• Data shown:
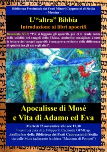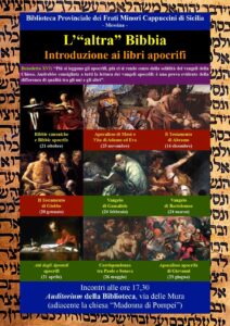 Anche quest’anno la Biblioteca di Messina dei Frati Minori Cappuccini offre un nuovo ciclo di “Invito alla lettura”, proponendo il tema: L’”Altra Bibbia”. Introduzione alla lettura dei libri biblici apocrifi Un tema indubbiamente interessante non solo sul piano religioso. Si tratta di rivisitare testi che di fatto hanno contribuito a ricostruire ambiti biblici a volte […]
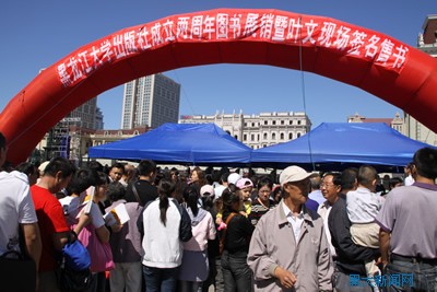 8月29日,“黑龙江大学出版社成立两周年图书展销暨叶文现场签字售书活动”在哈尔滨索菲亚教堂广场举行。
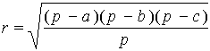 З а м е ч а н и е. Формулы (15) и (16) могут быть использованы для вычисления радиусов вписанной и описанной окружностей, если известны стороны треугольника. (Тогда его площадь можно вычислить по формуле Герона.)
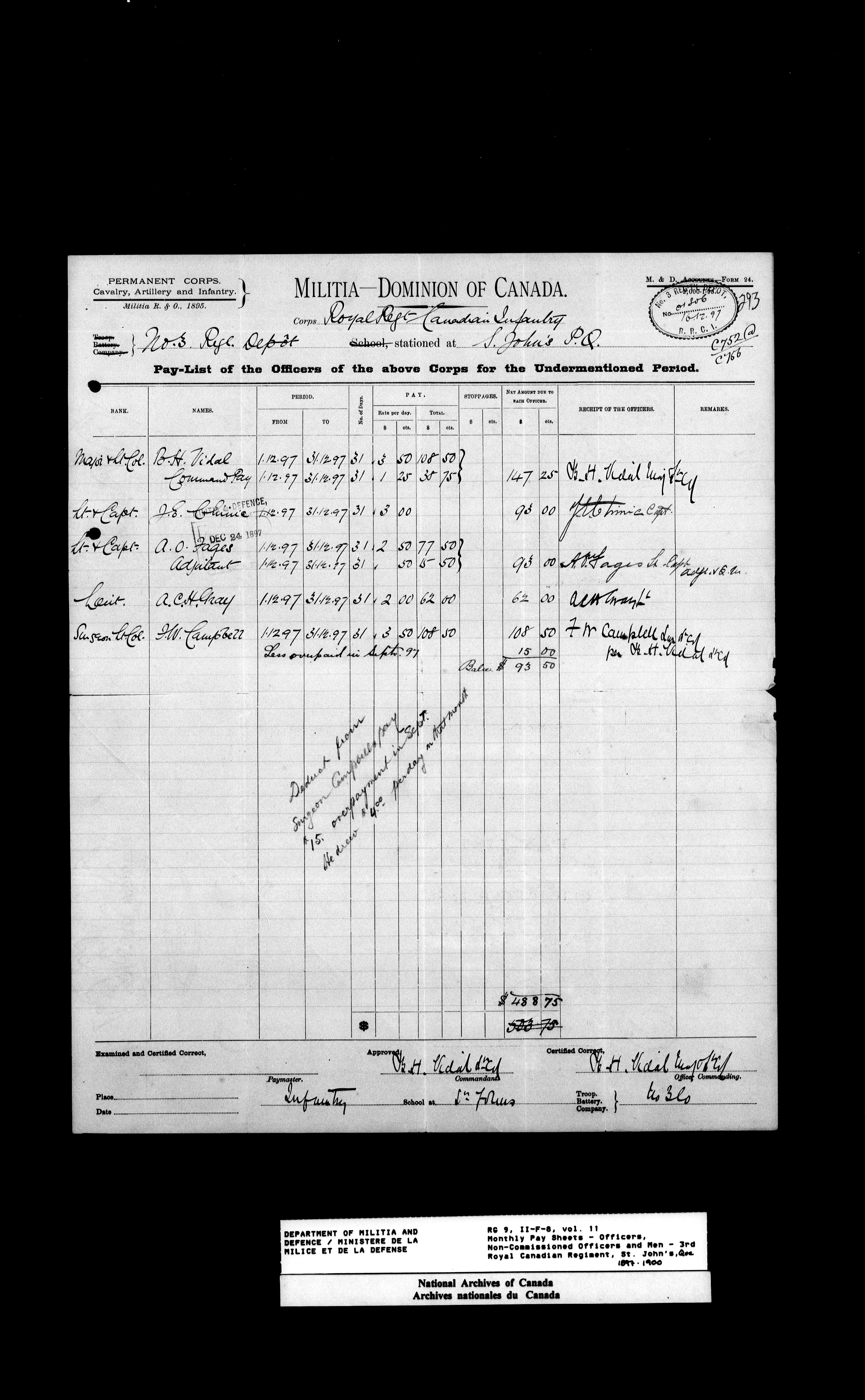 Nominal rolls and paylists for the Permanent Force (1871-1915) - 17435

• Directions for this task:
Retype the whole listing. Keep every word exact but include no pictures.

• Response to this exercise:
 Anche quest’anno la Biblioteca di Messina dei Frati Minori Cappuccini offre un nuovo ciclo di “Invito alla lettura”, proponendo il tema: L’”Altra Bibbia”. Introduzione alla lettura dei libri biblici apocrifi Un tema indubbiamente interessante non solo sul piano religioso. Si tratta di rivisitare testi che di fatto hanno contribuito a ricostruire ambiti biblici a volte […]
 8月29日,“黑龙江大学出版社成立两周年图书展销暨叶文现场签字售书活动”在哈尔滨索菲亚教堂广场举行。
 З а м е ч а н и е. Формулы (15) и (16) могут быть использованы для вычисления радиусов вписанной и описанной окружностей, если известны стороны треугольника. (Тогда его площадь можно вычислить по формуле Герона.)
 Nominal rolls and paylists for the Permanent Force (1871-1915) - 17435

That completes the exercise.